I don’t write about you much. I think about you every day. You’re never really far, anyway. You shadow every waking thought, lace every decision I make like a fragrance I’ll never want to forget, except I’ve already forgotten your smell.

They say it’s always the first thing that goes.

All I know is that you smelled like Comfort. And Home. And Unconditional Love. Big, fierce, protective, passionate, ain’t-nothing-that-can-tear-me-away-from-you-except-death love.

I don’t write about you because tears prickle the eyes easily. Still. It’s been 8 years. You’d think I’d be used to your long trip away from me by now.

(I’m not.)


Some of my earliest memories of you include walking into a crowded auditorium for a gospel rally. Of begging you to let me play with the white pet rabbit at the YMCA. Of running through tunnels there until you tell me it’s time to leave.
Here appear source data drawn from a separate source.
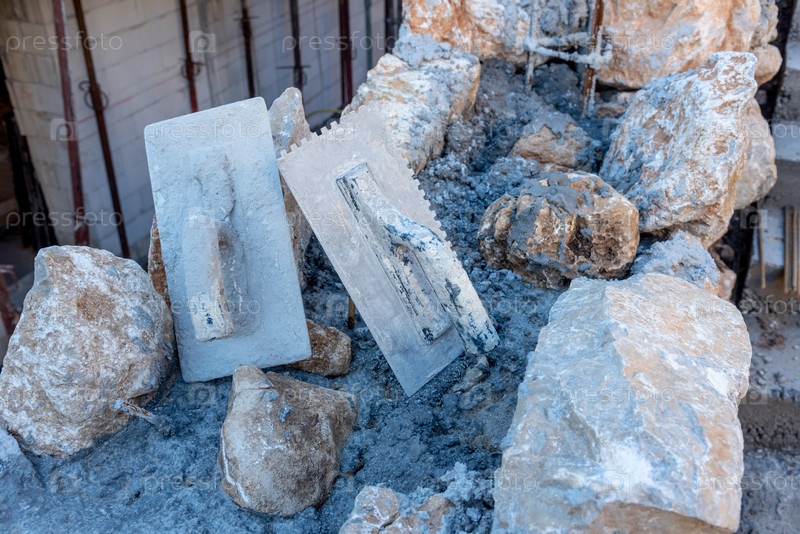 Строительство наружной стены из камня и бетона, строительные инструменты, штукатурка ложится на поверхность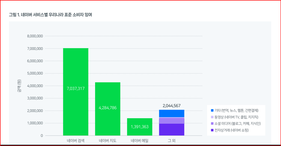 그 외 소셜미디어, 전자상거래, 동영상, 웹툰 등 나머지 서비스 영역에서는 전체적인 가치가 1047만 원으로, 네이버의 기여분이 204만 원으로 추정됐다.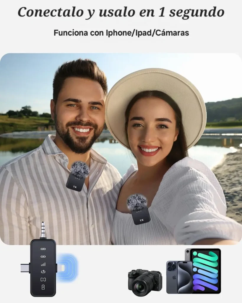 Con compatibilidad completa gracias a su receptor universal 3 en 1, olvídate de los cables y adaptadores. Funciona sin problemas con smartphones Android, iPhone (incluyendo el iPhone 15), iPad, laptops, PCs y cámaras. Este mini micrófono es tu aliado ideal para vlogs, entrevistas, transmisiones en vivo, blogs, podcasting, YouTube, Instagram y TikTok.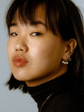 Product shot of the Mixed Pearl Safety Pin (14kt Yellow Gold Safety Pin 27mm Total Length Mixed Freshwater Pearls) Background: Grey backdropMixed Pearl Safety Pin Earring pictured in models first piercing. Styled with other best selling styles.
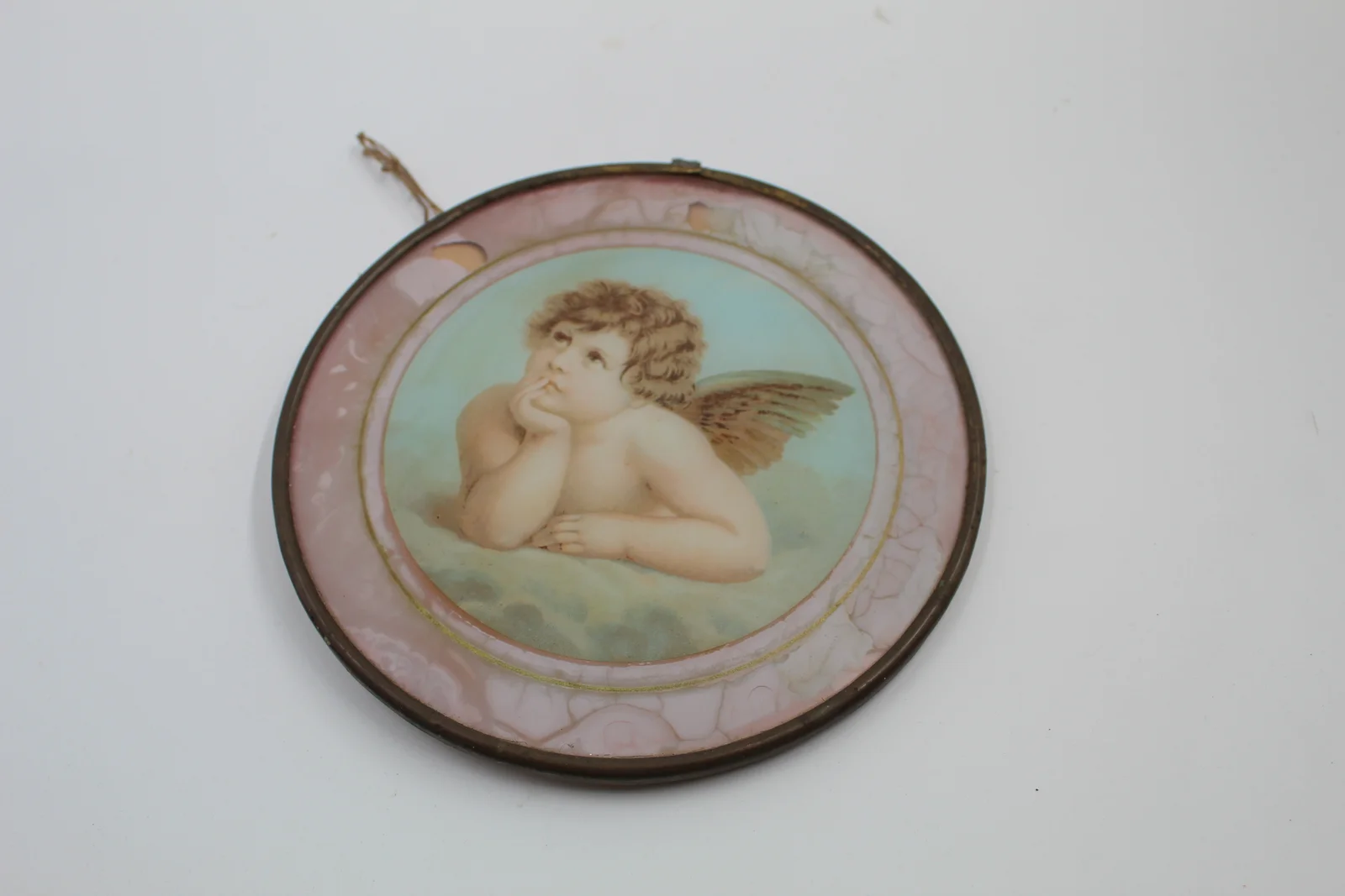 Leírás: Kerek, angyalt ábrázoló színes szentkép hajlított fémkerertben.

And then taking the bus home, walking up two long flights of stairs on short, spindly legs, ordering my favourite mee pok da (the one with the 炸云吞 you never let me get precisely because it’s deep-fried) and walking home together, hand in hand.

I remember bus rides to Orchard Road, falling asleep on your lap, your maroon patent leather handbag my hard and bumpy pillow. Sometimes, I’d actually fall asleep amidst the roar of the engine in the 64, the wind blowing overhead and teasing your hair, my legs already too long to tuck underneath my chin without jabbing across the narrow aisle.
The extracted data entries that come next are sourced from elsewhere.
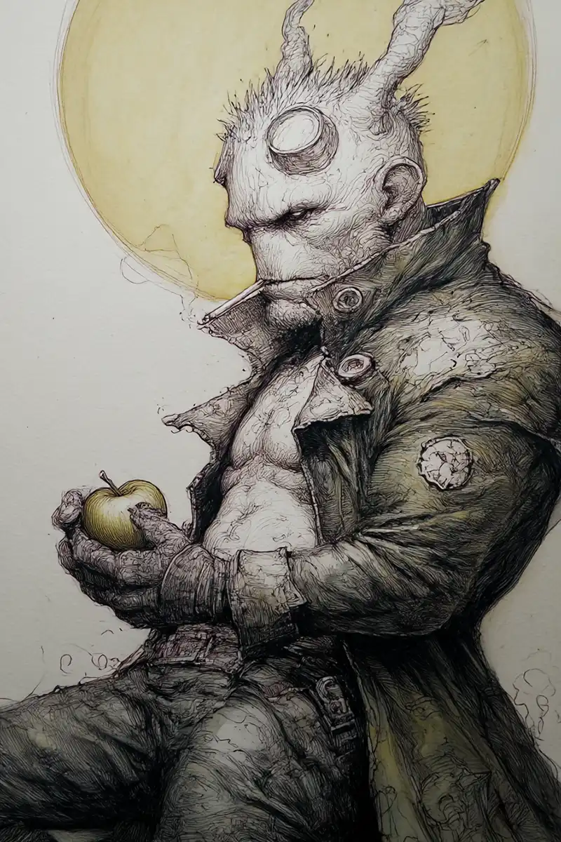 In a desolate, post-apocalyptic world where mutated creatures roam, the figure in the image is the sole guardian of a single, miraculously surviving apple tree. He is burdened by profound loneliness, the last of his kind, his only companions the rustling leaves and the memory of a lost civilization. The apple represents a forbidden hope, a taste of a past he can barely recall.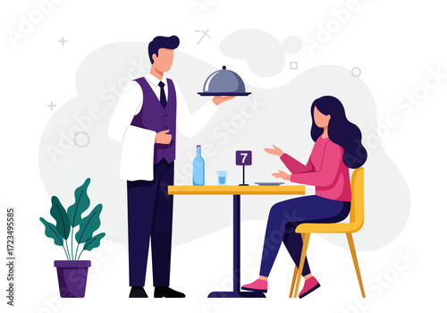 Micro female characters feeding, combing and stroking huge beautiful cat, vector illustration. Pet care, cat supplies, grooming services concept for web banner, website page etc.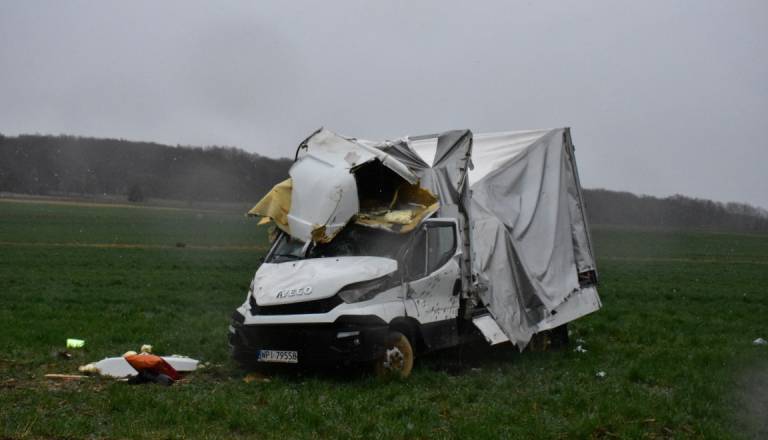 Odtujil tovorno vozilo, se zaletel v prometna znaka in peš zbežal po njivi

I miss our talks long into the night, where I’d tell you almost everything about the boys I loved but knew I wouldn’t marry.
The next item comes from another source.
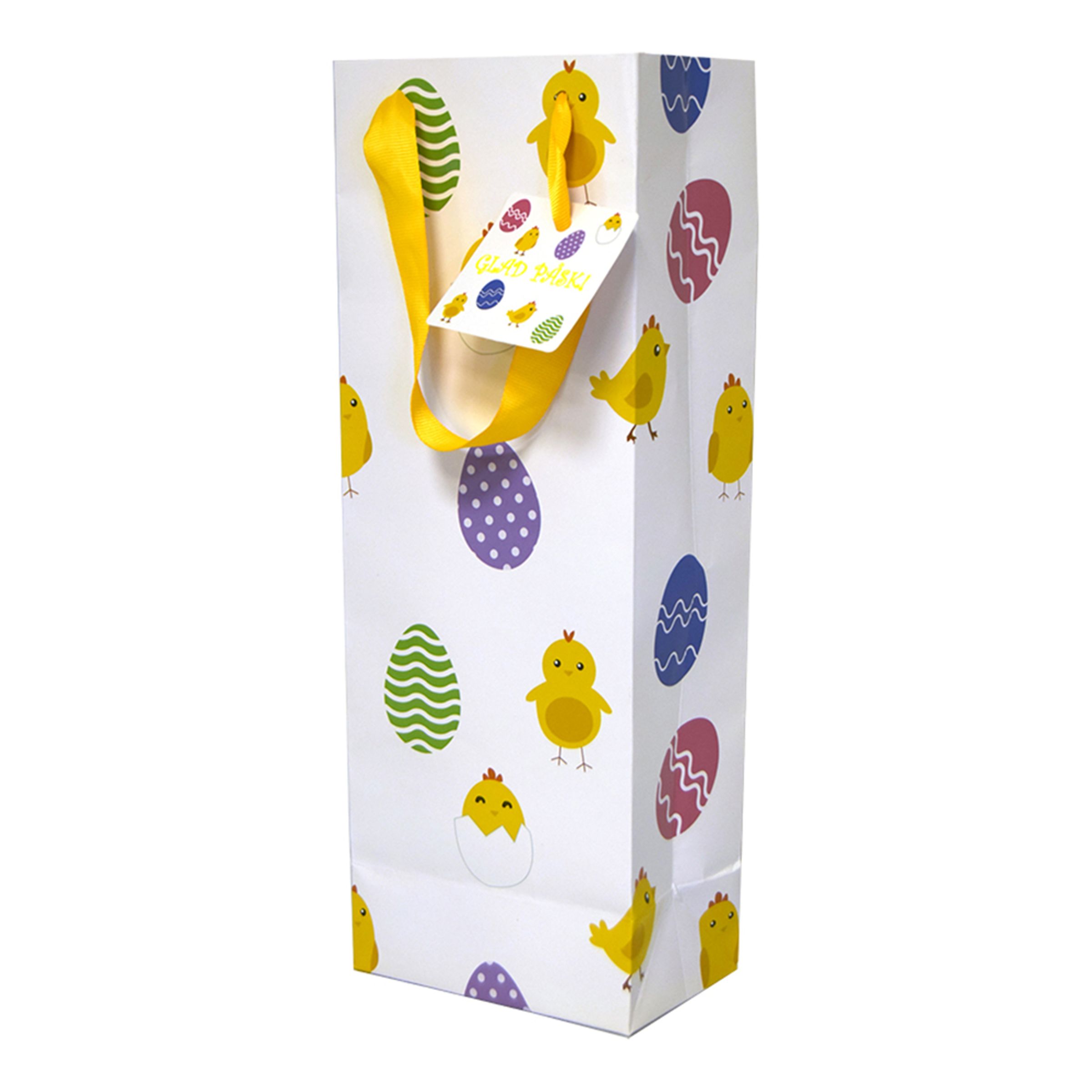 Vinpåse Glad Påsk är gjord i papp och har ett litet kort där du kan skriva en hälsning. Med kyckling och äggmotiv blir det ett påskägg för vuxna kan man säga.

I miss, I miss, I miss sharing with you. Curled up on your narrow single bed in the dead of night.

To this day, it fills me with extraordinary pride that my friends liked you. Even loved you enough to happily lunch and dinner with you on their own. I never needed to play chaperone.

I loved that they saw you as a person and a friend, and not just as my mother. It’s totally #parentinggoalz to be that mother for my own children’s friends one day, but I suspect we are quite different people and you were way cooler.


The generosity of your spirit and your heart for others… They weren’t just turned towards the people you love like me and Shawn & Andrea and Ah-yee.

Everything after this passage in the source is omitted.